Log in

View Full Version : Terminate child support


joshuaff
May 25, 2015, 12:02 PM
In my marriage to my ex-wife she was verbally abusive over 6 years to the point that I could not function. We have 2 children. I didn't have money and her lawyer got me to give away any custody. I have no visitation. I've never committed a crime. I've never really done anything wrong in life except to pick someone who is very manipulative. I have tried for 3 years now to see them and spend time with them, but they are constantly poisoned about me. My 5 year old son asked me "Why do you make bad decisions?" last time I had them. I thought that divorce would make for a healthier situation. It feels like my being in their lives causes their mother to put bad ideas in their heads. My ex-wife earns a good income and lives in a mansion with her parents who also earn. I'm wondering if I'm willing to walk away if New York has any avenue for me to do so and have me either stop child support or pay some minimal amount. This might sound terrible, but I'm just looking at this so that maybe their mother has less horrible things to plant in their heads and maybe life could be more positive. I am just curious about this if it's even a possibility.

cdad
May 25, 2015, 04:46 PM
No not likely unless there were to be an adoption. New York has child support through 21 years of age.

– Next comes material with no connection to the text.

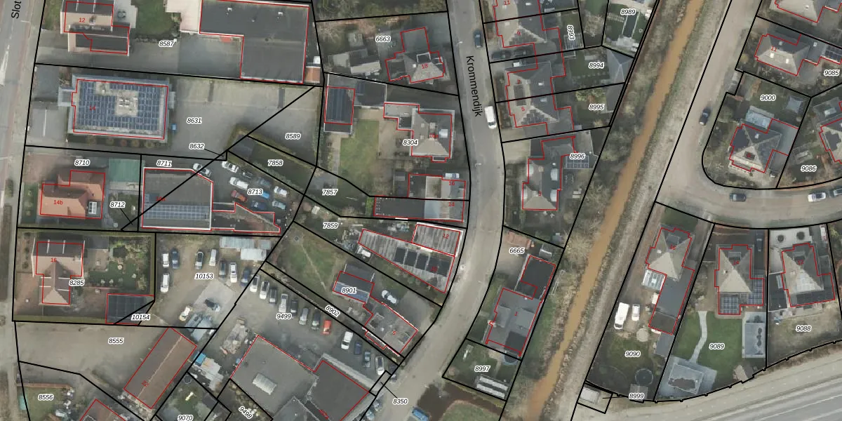 Krommendijk 14 is gelegen op kadastraal perceel AML01B7857. Deze kadastrale aanduiding is uniek en wordt gebruikt door het Kadaster om eigendomsrechten en andere zakelijke rechten vast te leggen. Het perceel maakt onderdeel uit van de kadastrale gemeente Ambt-Almelo.

Your only real option is to go back to court and try to gain some type of custody and keep fighting for more. Other then that you could try getting a parental evaluation done if she is really doing what your stating here. That should get to the bottom of things.

stinawords
May 25, 2015, 05:56 PM
You can go back to court to ask for visitation. If you have a visitation order then you wouldn't have to fight so hard to spend time with them it would already be court ordered. As far as the support goes plan on paying it. If you had a significant reduction in your income you can go back to court to have it modified. Is the mother remarried to a man that wants to adopt the children? That would be the only way I see the support being terminated.

talaniman
May 25, 2015, 06:11 PM
Sorry you got such a rotten divorce decision, they had money for a lawyer, you didn't, but if you think walking away will make your ex a better person, forget it. You probably will give her even more ammo to use against you.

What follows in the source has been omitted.